Entretanto, essa não é, com a devida vênia, a interpretação mais consentânea
com os princípios constitucionais, eis que ampliaria, em demasia, os limites de
atuação do Judiciário, permitindo-lhe interferir, de forma indevida, a meu ver, nos
debates do Legislativo, que age, como se sabe, nas matérias que lhe são afetas,
com amplíssima discricionariedade. Incidiria, desenganadamente, naquilo que
o eminente constitucionalista José Afonso da Silva chama de “abuso no exercício
da função jurisdicional”, que, para ele, “é tão inconstitucional como o abuso das
funções executiva e legislativa” (palestra proferida na OAB, em comemoração
aos 25 anos da Constituição, aos 12-6-2013).

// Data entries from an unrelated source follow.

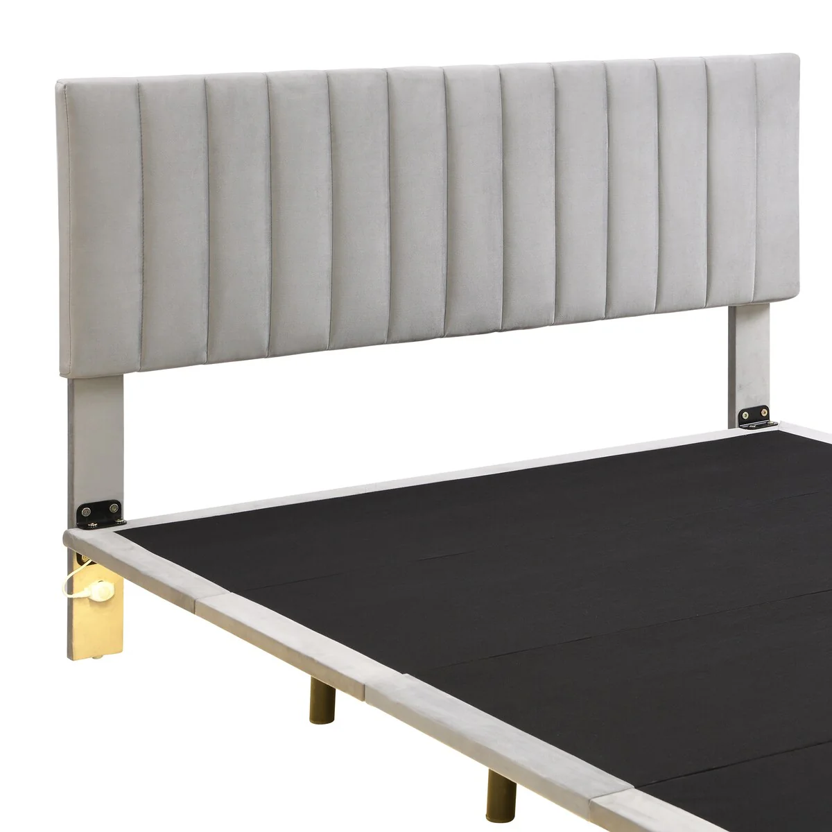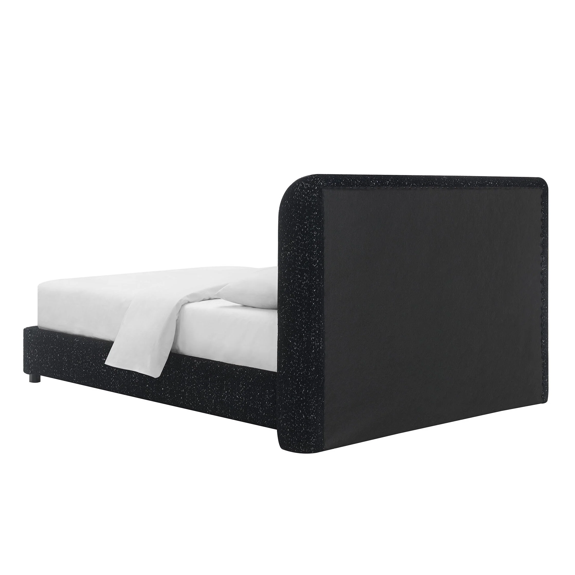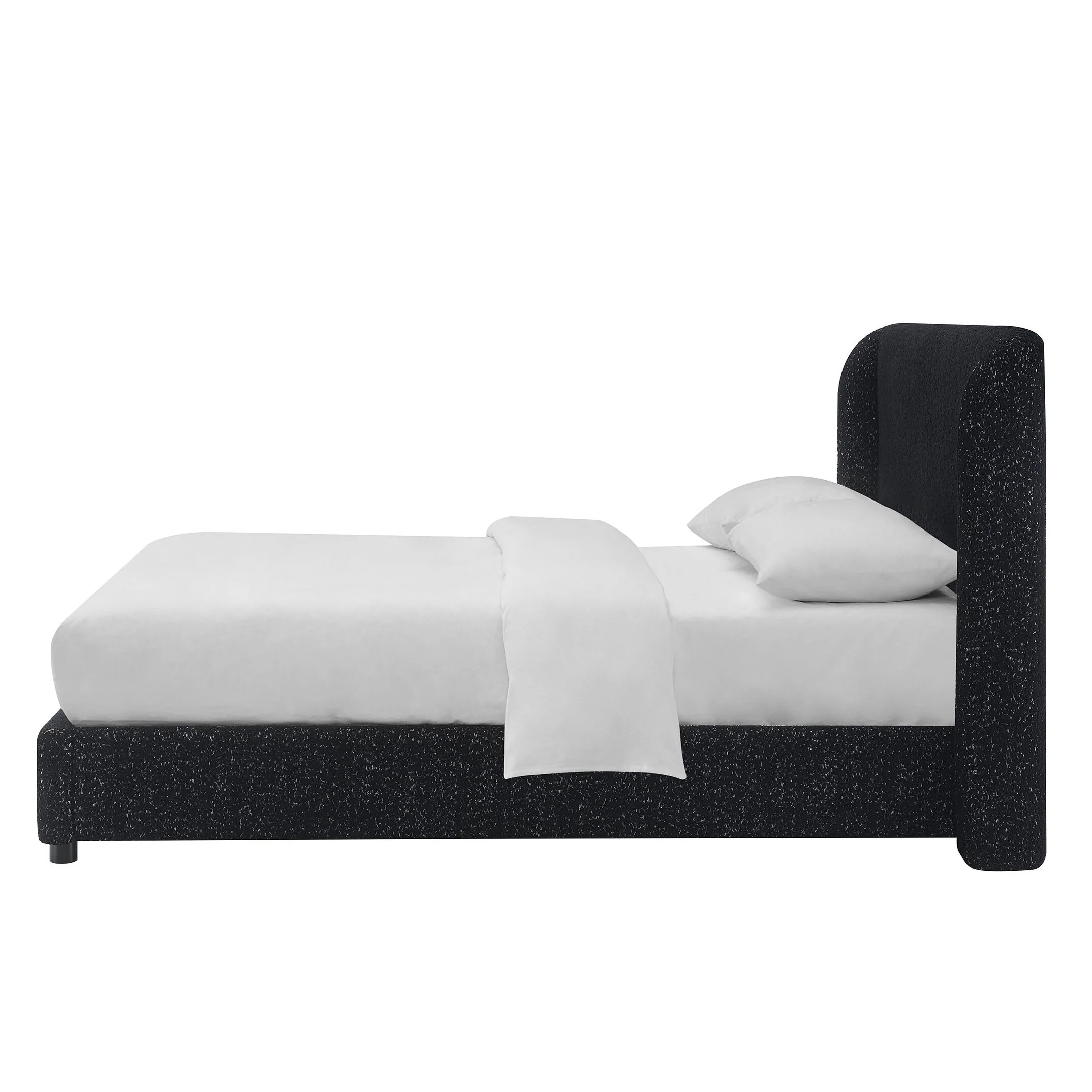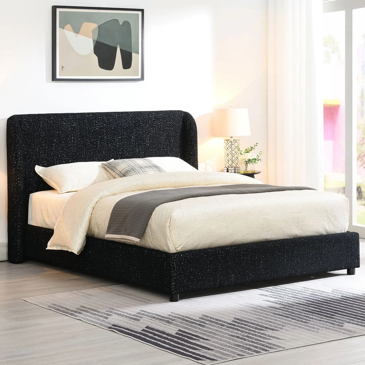 Modern Queen Bed Frame with Teddy Velvet Upholstered Headboard and Underbed Storage
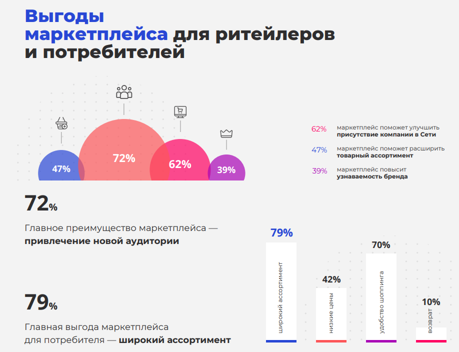 Что касается выгоды для клиентов, то ритейлеры голосуют за широкий ассортимент товаров. Онлайн-маркетплейсы могут предлагать сотни товарных категорий с сотнями тысяч товаров от тысяч продавцов. Физические торговые центры никогда не приблизятся к таким цифрам. Поэтому 79% ритейлеров голосуют за широкий товарный ассортимент как важнейшую выгоду маркетплейса для потребителей.
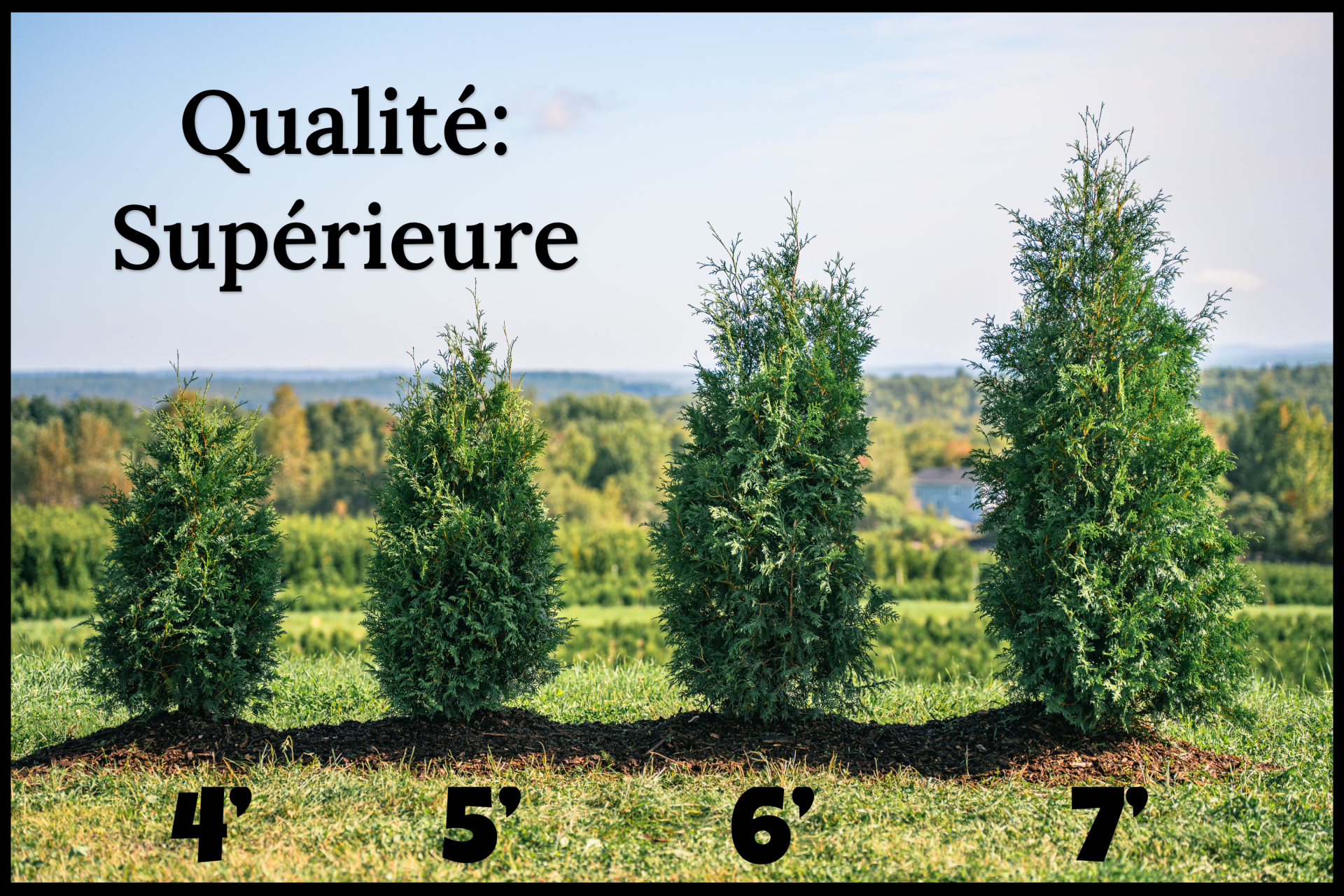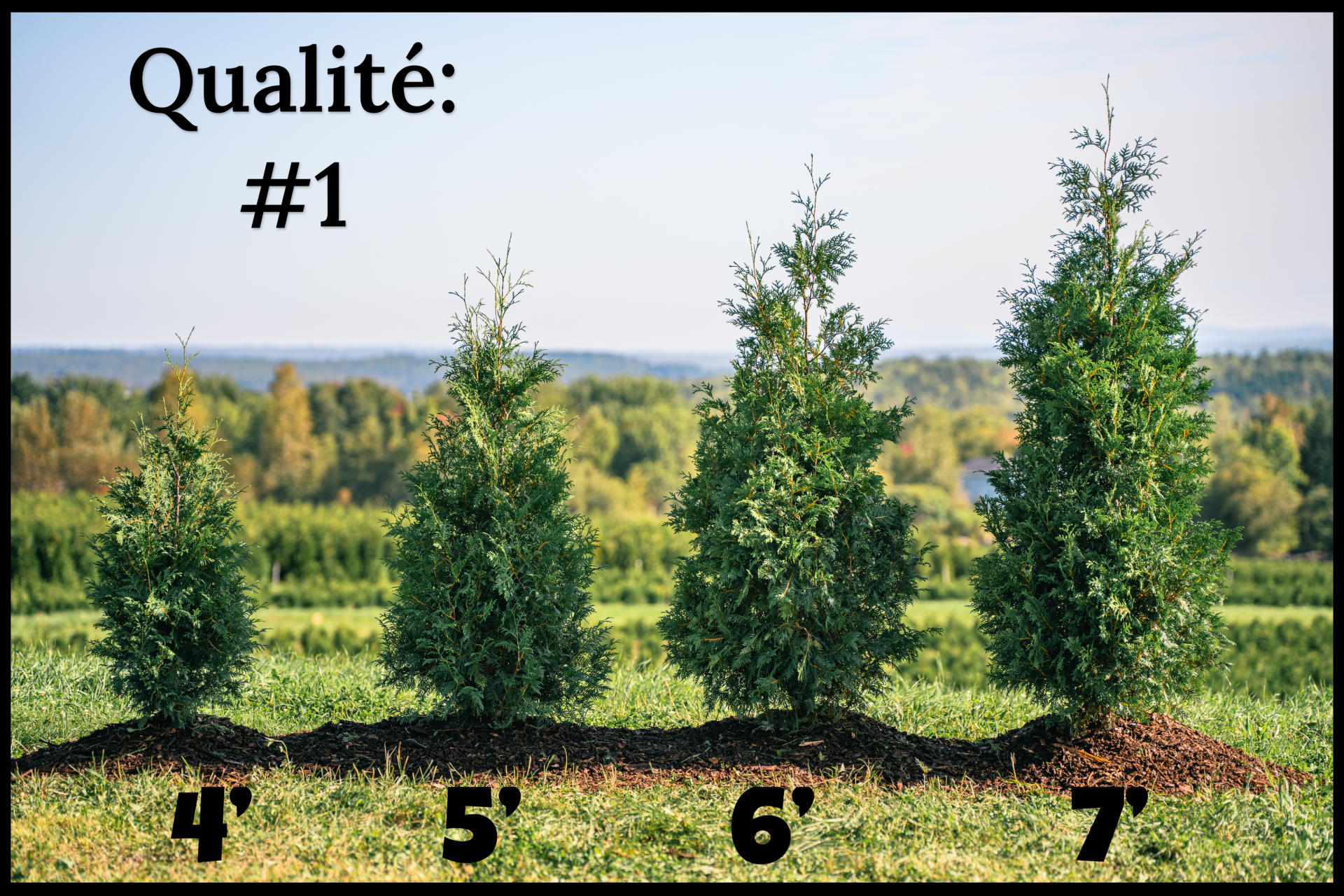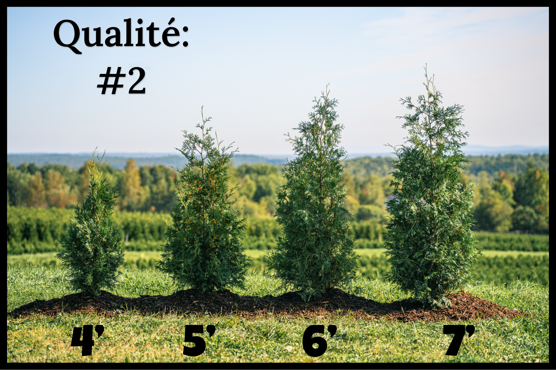Les cèdres de qualité #1 présentent également une garniture dense sur les quatre faces, mais la densité de la tête peut être légèrement inférieure à celle des cèdres de grade supérieur. Cela peut se traduire par un aspect légèrement moins dense en haut de la haie par rapport au grade supérieur. Les cèdres de qualité #1 offrent néanmoins une bonne qualité et une belle apparence pour une haie intime.

Em suma, a razão de ser do dispositivo constitucional em questão, que per‑
mite obstar o processo legislativo no caso da tramitação de emenda à Carta
Magna tendente a abolir alguma das cláusulas pétreas, consiste em evitar-se
a alteração de um paradigma normativo da mais alta hierarquia jurídica, cujo
dano potencial ao ordenamento legal é incomensuravelmente maior do que
aquele causado pela eventual aprovação de uma lei ordinária tisnada pelo vício
da inconstitucionalidade, o qual, de resto, é reparável a qualquer tempo, quer
por meio do controle concentrado, quer mediante o controle difuso, cometidos
pela Constituição ao Judiciário, com exclusividade.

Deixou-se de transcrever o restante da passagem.